🤖 AI Summary
Existing Transformer-based approaches for video action prediction rely on pixel-level attention, which lacks high-level semantic modeling, struggles to capture latent intentions, and is prone to overfitting to historical visual cues, thereby limiting generalization. To address these limitations, this work proposes an Action-Guided Attention (AGA) mechanism that explicitly incorporates the predicted action sequence into the attention computation as a guiding signal for both queries and keys. This enables the model to focus on past video segments most relevant to future actions and integrates current frame information through a gating function. The proposed method not only enhances semantic understanding and generalization in action prediction—demonstrating stable performance from the validation set to unseen test sets on the EPIC-Kitchens-100 benchmark—but also facilitates interpretable analysis of the learned action dependencies and counterfactual evidence.
📝 Abstract
Anticipating future actions in videos is challenging, as the observed frames provide only evidence of past activities, requiring the inference of latent intentions to predict upcoming actions. Existing transformer-based approaches, which rely on dot-product attention over pixel representations, often lack the high-level semantics necessary to model video sequences for effective action anticipation. As a result, these methods tend to overfit to explicit visual cues present in the past frames, limiting their ability to capture underlying intentions and degrading generalization to unseen samples. To address this, we propose Action-Guided Attention (AGA), an attention mechanism that explicitly leverages predicted action sequences as queries and keys to guide sequence modeling.
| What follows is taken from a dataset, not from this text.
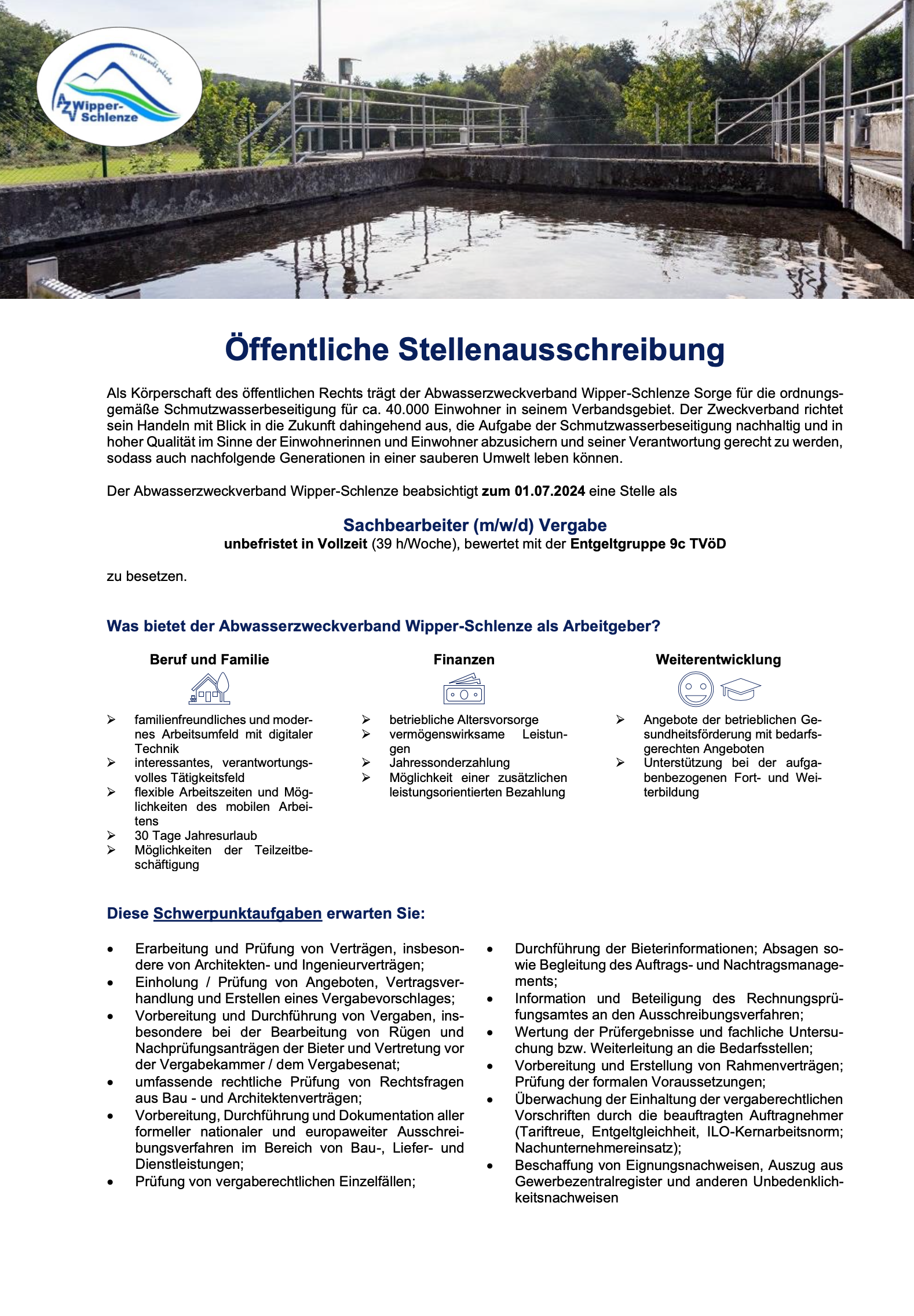 Der Abwasserzweckverband Wipper-Schlenze beabsichtigt zum 01.11.2024 bzw. zum nächstmöglichen Zeitpunkt eine Stelle als

Our approach fosters the attention module to emphasize relevant moments from the past based on the upcoming activity and combine this information with the current frame embedding via a dedicated gating function. The design of AGA enables post-training analysis of the knowledge discovered from the training set. Experiments on the widely adopted EPIC-Kitchens-100 benchmark demonstrate that AGA generalizes well from validation to unseen test sets. Post-training analysis can further examine the action dependencies captured by the model and the counterfactual evidence it has internalized, offering transparent and interpretable insights into its anticipative predictions.